If devs improve AI and raids, this could get genuinely tense. Right now it’s a mild inconvenience wearing blue.
Style & Atmosphere - Neon, Smoke & AI Side-Eye
WeedEx looks… pretty good. Stylised, bright, explosive, and occasionally gorgeous in a “does this lighting effect know it’s in a €3 game?” kind of way.
The devs admit they used AI for Steam page artwork only, which is honest, though critics immediately claimed the AI art was the best part of the project. That’s harsh, but admittedly funny.
Sound design is fine. Not memorable. Not awful. Just there, like an unpaid intern trying their best.
Replayability - Criminal Playground or Déjà Vu With Drugs?
Replayability exists, but only because the loop is flexible enough:
Different drug builds
Different properties
Different upgrade trees
Feels good for a few hours. Won’t replace your main addiction (unless your main addiction is €3 crime games).
Early Access promises more areas, more quests, better AI, more systems, more stuff. If they deliver, this could grow into something tasty.
Right now? Fun for a weekend. Not a new religion.
Multiplayer - Nope. Lone Wolf Only.
No co-op. No cartel wars. No griefing. No friend crashing the van full of narcotics into the one tree in an empty parking lot.
Just you and your bad decisions.
Community & Drama - Hidden Gem or Discount Cartel Scam?
Now here’s where things get delicious.
The full game sits at Very Positive with ~87% approval.
The demo was reviewed like a stomach virus: overwhelmingly negative.
One particularly salty reviewer accused the praise of being botted and called the whole thing a low-effort clone with AI art as its best feature. Technically wrong, spiritually hilarious.
Meanwhile, players who actually played more than ten minutes are praising the addictive loop, the city vibe, and the empire-building grind.
Player count? Tiny. An indie corner of Steam only visited by people who type “drug simulator” at 3 a.m.
So is WeedEx a scam? No.
Is it a masterpiece? Also no.
Is it a fascinating little underdog with jank, charm, ambition, and a cult brewing around it? Absolutely.
Which means it’s perfect for CRIMENET. We thrive on beautiful disasters.
FAQ
Is WeedEx worth buying in 2025? If you enjoy cheap crime sandboxes and chaotic empire-building, yes. If you demand refinement and rich storytelling… not unless you’re drunk.
How long will it stay in Early Access? Dev says six months. Reality says: “We’ll see.” Steam timelines are suggestions, not laws.

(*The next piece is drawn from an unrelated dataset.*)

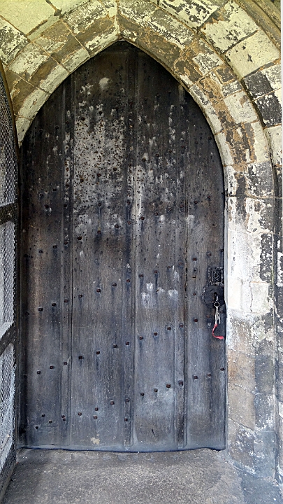 The main entrance. This south doorway is 13th century. The floor of the porch is stone coffin lids but they have been cemented over.

Is WeedEx just a cheap Schedule I or GTA clone? It borrows their DNA but strips out the complexity. Some love that; some call it bargain-bin Narcos. Both are correct.
How bad was the demo? Imagine a birthday cake that’s mostly salt. The full game is much improved, but yes, the demo was a crime against enthusiasm.
Does the game use AI art? Only for the Steam store page. Which is hilarious, because critics keep insisting the AI art is the best part.
Is there multiplayer? No. You will suffer alone, like every great entrepreneur.